# M is an R-module which is not finitely generated. is it true that $\inf \{ i| H^i_I(M)\neq 0 \}\le ht_M I?$

Let $R$ be a commutative noetherian ring (with $1$), $I$ an ideal of $R$, and $M$, a finitely generated $R$-module such that $IM \neq M$. Then, by Theorem 6.2.7 of BRODMANN-SHARP's Local Cohomology book one has
$$\underline{ \inf \{ i| H^i_I(M)\neq 0 \}} \color{silver}{(=grade (I,M))}\underline{ \le ht_M\ I}.$$ Here $ht_M\ I= \inf \{ ht_M\ q| q\in supp M\cap V(I)\},$ where, $ht_M\ q$ is the Krull dimension of the $R_q$-module $M_q$.

What happens (to $\le$), if we drop the assumption "$M$, is a finitely generated $R$-module"?

What if we replace "$M$, is a finitely generated $R$-module" by "$M$, is an $R$-module of dimension $0$ "? (Here, Also we can take $I$, prime)

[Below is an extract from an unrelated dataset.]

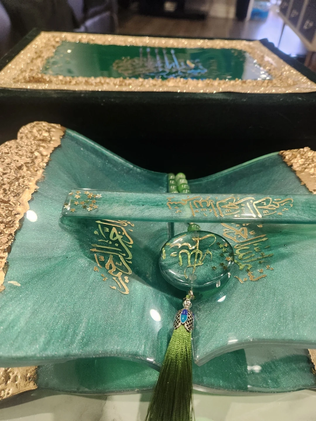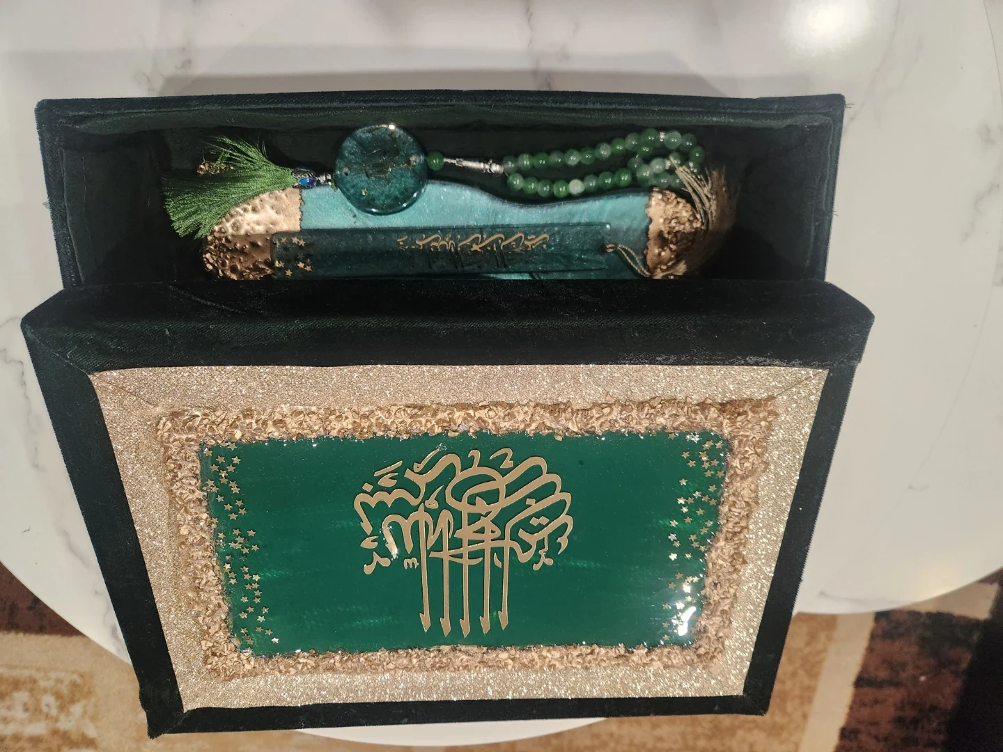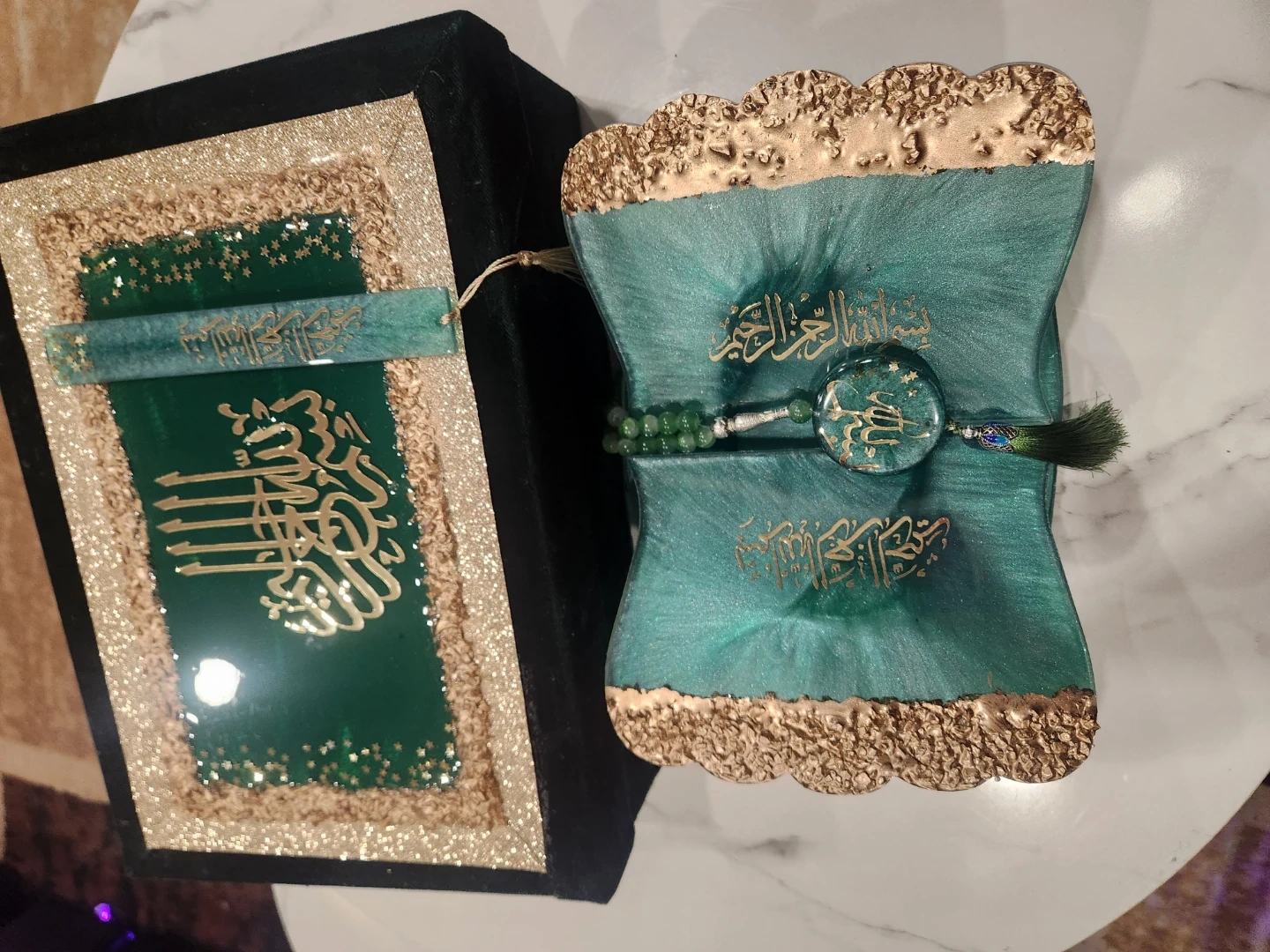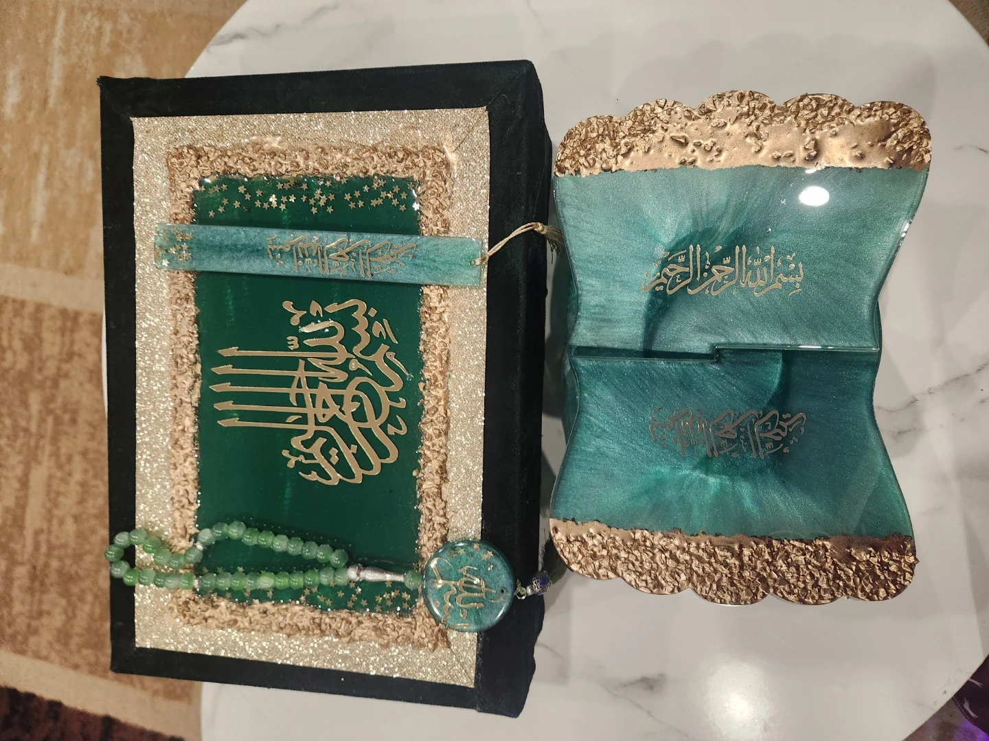 This decorative Quran stand is made of resin and features a teal and gold swirl design. It comes with a matching bookmark and a set of green prayer beads. The stand folds for easy storage. It's a beautiful display piece for any home.

For the concept of the grade of an arbitrary module with respect to a finitely generated ideal see the section 9.1 (entitled as "Grade and acyclicity") of the book entitled as "Cohen-Macaulay Rings" written by Herzog and Bruns. In particular, see the Proposition 9.1.2. When $R$ is Noetherian the local cohomology is just the direct limit of Koszul homologoies (See, Theorem 5.2.9. of the book "Local Cohomology" written by Sharp and Brodmann). So, Definitely, their definition, directly, yields $$\text{inf}\{i;\text{H}^i_I(M)\neq 0\}\ge \text{grade}(I,M).$$ Then a standard inductive argument on the grade shows that the equality holds, i.e., $$\text{inf}\{i;\text{H}^i_I(M)\neq 0\}=\text{grade}(I,M).$$
If $M$ has zero dimension then the support of $M$ is a subset of the set of maximal ideals of of $R$. Let, $\mathfrak{m}\in \text{Supp}(M/IM)$. Then, $\mathfrak{m}\in \text{Supp}(M).$ Hence there exists $x\in M$ such that $0:_Rx\subseteq \mathfrak{m}$. Set, $N=Rx$. Then since $\text{Supp}(Rx)\subseteq \text{Supp}(M)$ so we have $\dim(Rx)=0$. Furthermore, $\mathfrak{m}R_\mathfrak{m}\in \text{Ass}_{R_\mathfrak{m}}(R_{\mathfrak{m}}x/1)$ so $\mathfrak{m}\in \text{Ass}(Rx)$. This shows that $\Gamma_I(M)\neq 0$.
$\ \ \$For the inequality of $\text{ht}_M(I)$: Claim: $\text{grade}(I,M)\le\text{ht}_M(I)$: If $\text{ht}_M(I)=\infty$ then we are done. So let $\mathfrak{p}\in\text{Var}(I)\bigcap \text{Supp}_R(M)$ with $h=\text{ht}_M(I)=\text{dim}(M_\mathfrak{p})$. Then it suffices to prove that $\text{grade}(IR_\mathfrak{p},M_\mathfrak{p})\le \text{dim}_{R_\mathfrak{p}}(M_\mathfrak{p})$. So we may assume that $(R,\mathfrak{m})$ is local and then prove that $\text{grade}(I,M)\le \text{dim}(M)$. Assuming the contrary we get $H^i_{I}(M)\neq 0$ for $i=\text{grade}(I,M)\gneq \text{dim}(M)$ (by the above formula). This contradicts with the Grothendieck's vanishing theorem (This theorem, as stated in the Sharp and Brodmann's book, is not restricted to the category of finitely generated modules).